Would you return the lines between the one holding "Open broadcasters have" and the one holding "Визит в красноярский", inclusive, and only those, exactly as they stand in the listing below?
╭─ Supplied material
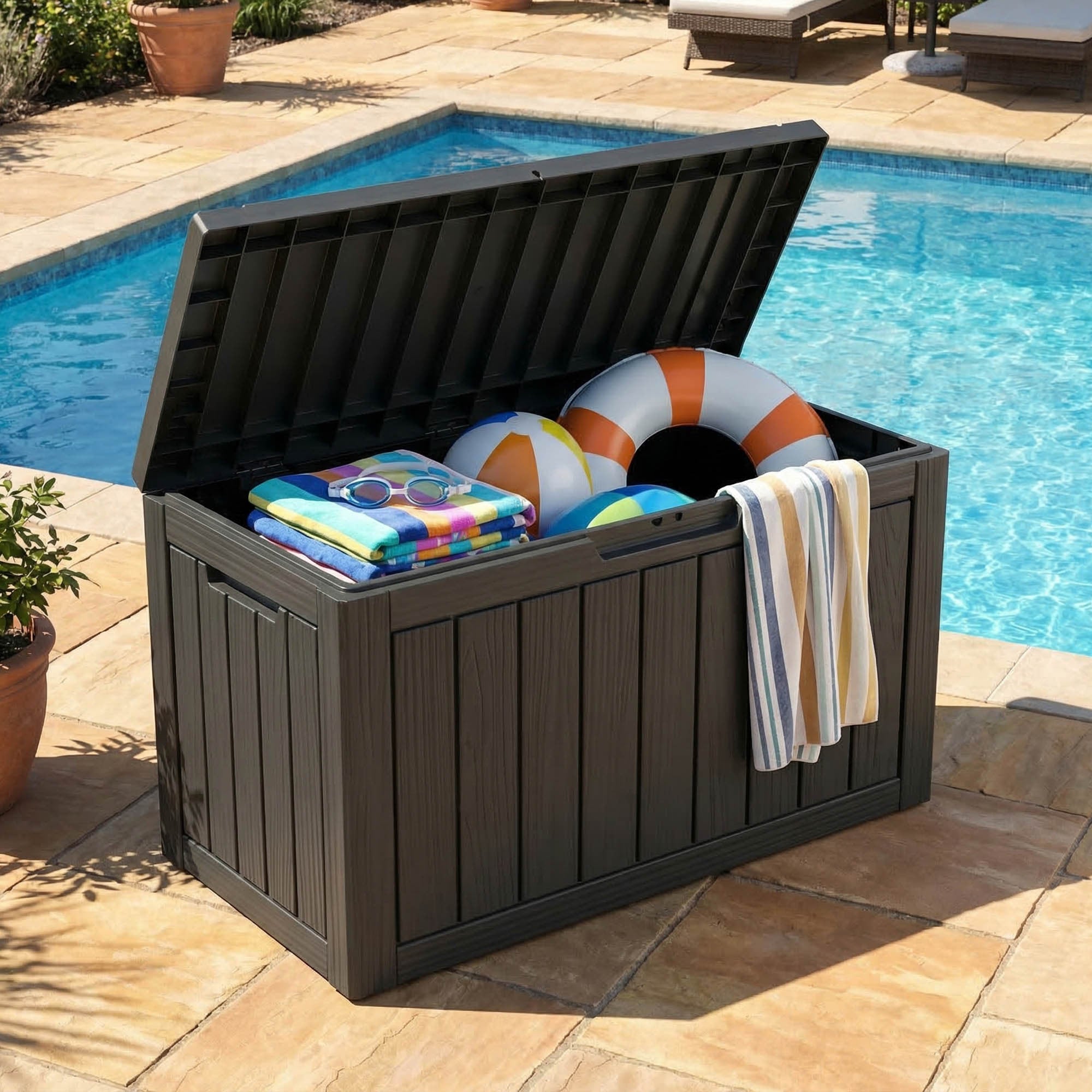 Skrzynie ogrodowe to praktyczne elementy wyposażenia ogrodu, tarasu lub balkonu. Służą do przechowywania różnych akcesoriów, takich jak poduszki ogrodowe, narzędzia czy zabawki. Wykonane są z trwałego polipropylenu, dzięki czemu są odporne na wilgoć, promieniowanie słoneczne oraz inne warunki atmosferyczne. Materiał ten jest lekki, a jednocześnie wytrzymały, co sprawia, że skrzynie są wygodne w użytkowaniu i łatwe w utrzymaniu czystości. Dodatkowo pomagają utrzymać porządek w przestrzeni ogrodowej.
╰─
╭─ Supplied material
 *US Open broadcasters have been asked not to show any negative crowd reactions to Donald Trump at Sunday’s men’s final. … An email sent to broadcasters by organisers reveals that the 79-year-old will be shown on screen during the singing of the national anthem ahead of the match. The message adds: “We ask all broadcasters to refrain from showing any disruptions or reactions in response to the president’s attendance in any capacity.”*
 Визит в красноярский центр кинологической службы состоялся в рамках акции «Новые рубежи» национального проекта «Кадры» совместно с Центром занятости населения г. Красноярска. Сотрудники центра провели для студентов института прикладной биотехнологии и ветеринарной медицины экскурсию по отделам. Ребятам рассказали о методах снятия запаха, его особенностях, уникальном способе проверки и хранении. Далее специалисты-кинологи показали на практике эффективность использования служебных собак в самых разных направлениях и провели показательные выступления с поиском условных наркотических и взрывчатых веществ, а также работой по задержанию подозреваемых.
╰─
**Written response**
 *US Open broadcasters have been asked not to show any negative crowd reactions to Donald Trump at Sunday’s men’s final. … An email sent to broadcasters by organisers reveals that the 79-year-old will be shown on screen during the singing of the national anthem ahead of the match. The message adds: “We ask all broadcasters to refrain from showing any disruptions or reactions in response to the president’s attendance in any capacity.”*
 Визит в красноярский центр кинологической службы состоялся в рамках акции «Новые рубежи» национального проекта «Кадры» совместно с Центром занятости населения г. Красноярска. Сотрудники центра провели для студентов института прикладной биотехнологии и ветеринарной медицины экскурсию по отделам. Ребятам рассказали о методах снятия запаха, его особенностях, уникальном способе проверки и хранении. Далее специалисты-кинологи показали на практике эффективность использования служебных собак в самых разных направлениях и провели показательные выступления с поиском условных наркотических и взрывчатых веществ, а также работой по задержанию подозреваемых.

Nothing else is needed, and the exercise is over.